Each line in the material below, starting at the one that contains "長そで ダウンジャケット 上着(イエロー,80cm)" and ending at the one that contains "8月1日下午,物理学院召开全", should be repeated exactly; the pictures should not.

## [Data section]
----
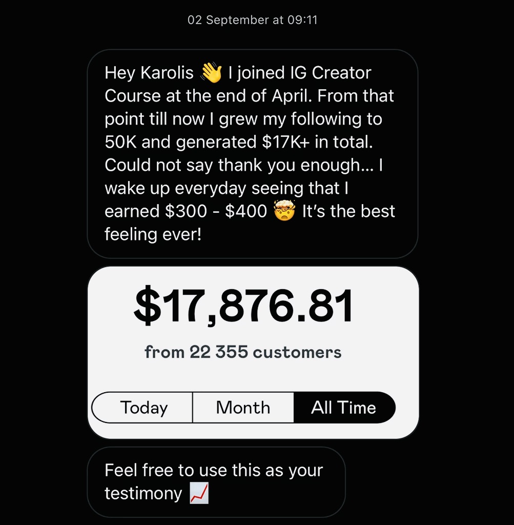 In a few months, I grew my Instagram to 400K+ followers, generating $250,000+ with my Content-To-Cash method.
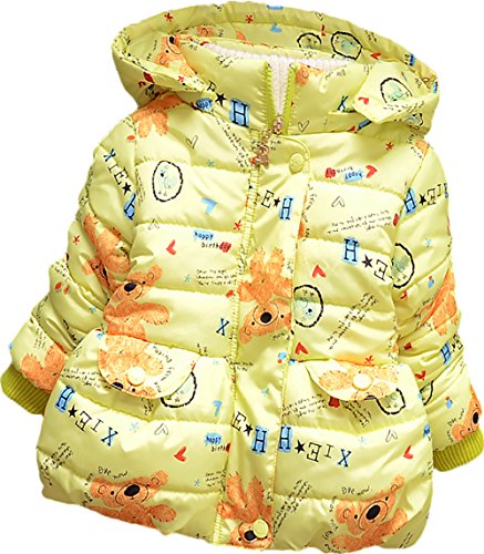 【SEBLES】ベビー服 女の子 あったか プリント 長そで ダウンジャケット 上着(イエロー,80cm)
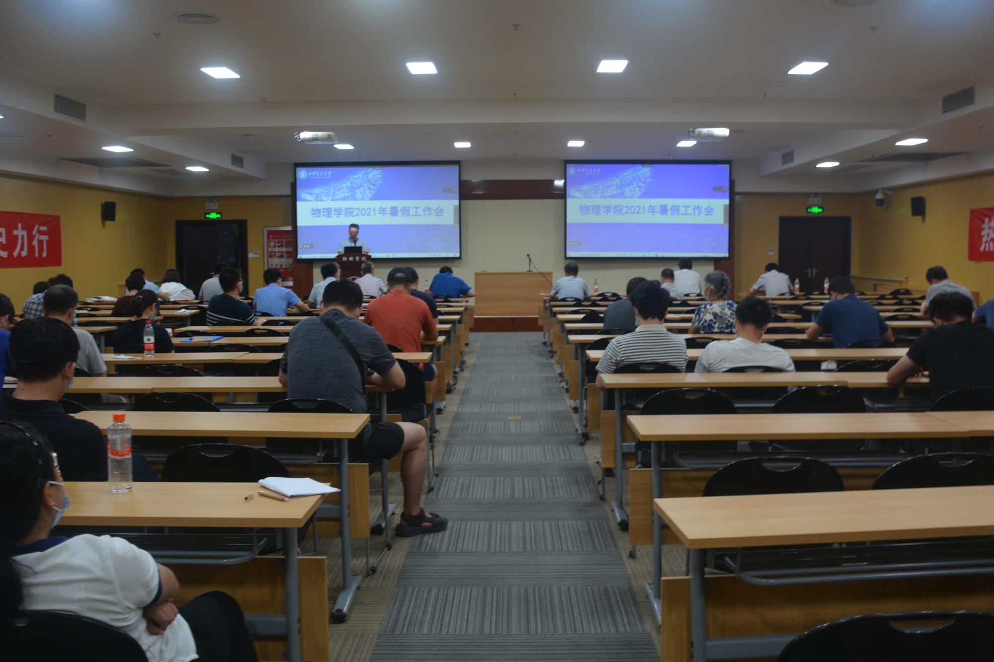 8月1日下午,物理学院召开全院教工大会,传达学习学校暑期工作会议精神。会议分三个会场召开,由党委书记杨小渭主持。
----
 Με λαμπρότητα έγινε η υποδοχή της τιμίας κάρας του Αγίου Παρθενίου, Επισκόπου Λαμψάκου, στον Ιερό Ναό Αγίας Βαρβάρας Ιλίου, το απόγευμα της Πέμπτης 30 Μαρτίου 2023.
----
## [Result of the task]
 【SEBLES】ベビー服 女の子 あったか プリント 長そで ダウンジャケット 上着(イエロー,80cm)
 8月1日下午,物理学院召开全院教工大会,传达学习学校暑期工作会议精神。会议分三个会场召开,由党委书记杨小渭主持。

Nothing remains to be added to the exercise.